Der älteste Stadtmarathon der Welt lieferte auch bei der 113. Auflage in Boston historische Ereignisse und Dramen.

So als Kenias Olympia-Zehnte Salina Kosgei (32) nach 2:32:16 Stunden triumphierte und die Äthiopierin Dire Tune Zentimeter dahinter (2:32:17) kolabierte.

Aber auch als Kara Goucher, die als erste Amerikanerin binnen 24 Jahren siegen wollte, in Tränen aufgelöst in 2:32:25 nur Dritte wurde.

Serie gerissen

Ebenfalls 150.000 Dollar Siegprämie kassierte der Olympia-Vierte Deribe Merga aus Äthiopien, der in 2:08:41 Stunden die Erfolgsserie von Robert Kipkoech Cheruiyot beendete.

Der Kenianer, der insgesamt schon viermal und zuletzt dreimal in Folge vorne gelegen hatte, wurde nur Fünfter.

Merga (28) startete den entscheidenden Angriff nach 28 Kilometern und holte bis ins Ziel auf den Zweitklassierten Daniel Rono (Kenia) 50 Sekunden Vorsprung heraus. Dritter wurde der Amerikaner Ryan Hall in 2:09:40.

Jackpot vor Augen

Unangetastet blieben am Patriots Day die Streckenrekorde von Cheruiyot aus dem Jahr 2006 (2:06:17) und Margaret Okayo aus Kenia (2:20:43/2002).
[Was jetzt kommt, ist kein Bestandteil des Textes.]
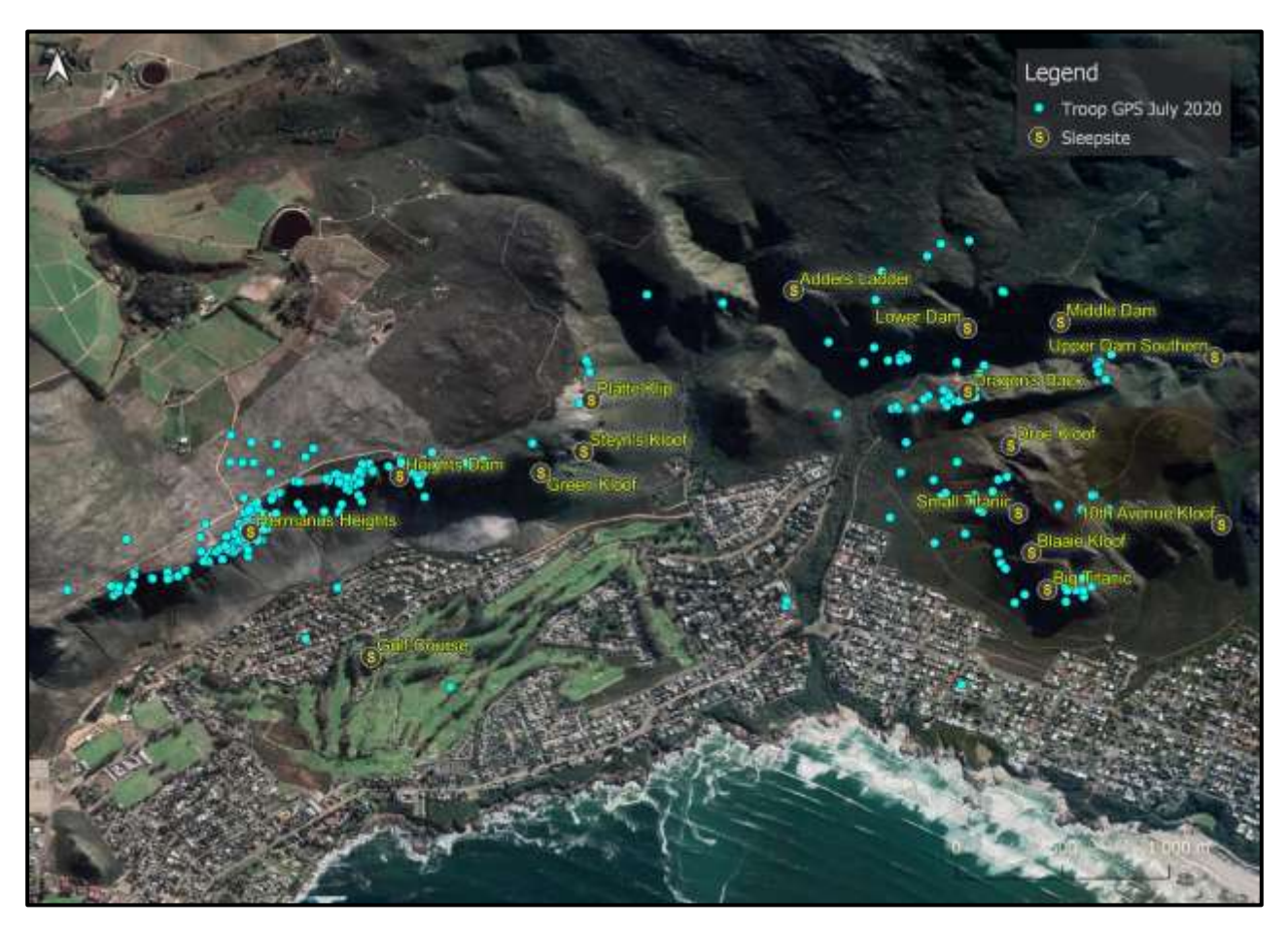
Figure 1: GPS locations of the Voëlklip Troop as determined by the GPS collar during July 2020.

Cheruiyot verpasste zudem die Chance, Geschichte zu schreiben, und als erster Läufer den Boston-Marathon viermal in Serie zu gewinnen.

Im Grunde lief in Boston vieles für die Wattenscheiderin Irina Mikitenko, die nach sieben von 12 Rennen der World-Marathon-Majors-Serie 2008/09 den Jackpot vor Augen hat.

Mit einem erneuten Sieg beim London-Marathon am Sonntag könnte die 36-Jährige der Konkurrenz schon beinahe uneinholbar enteilen und die Hand nach der zweiten Hälfte der Laufmillionen ausstrecken, nachdem sie bereits im Vorjahr 500.000 in der Champions League des Marathons gewonnen hatte.

Mikitenko weiter vorn

Der Boston-Marathon brachte keine wesentlichen Veränderungen an der Spitze des Gesamtklassements.

Männer-Sieger Deribe Merga rückte mit 30 Punkten hinter Olympiasieger Samuel Wanjiru (Kenia/40) auf Rang zwei vor.

Bei den Frauen eroberte Dire Tune (Äthiopien/40) ebenfalls den zweiten Platz in der WMM-Wertung hinter Mikitenko, die in nur zwei Rennen bereits die Idealpunktzahl 50 erlaufen hat.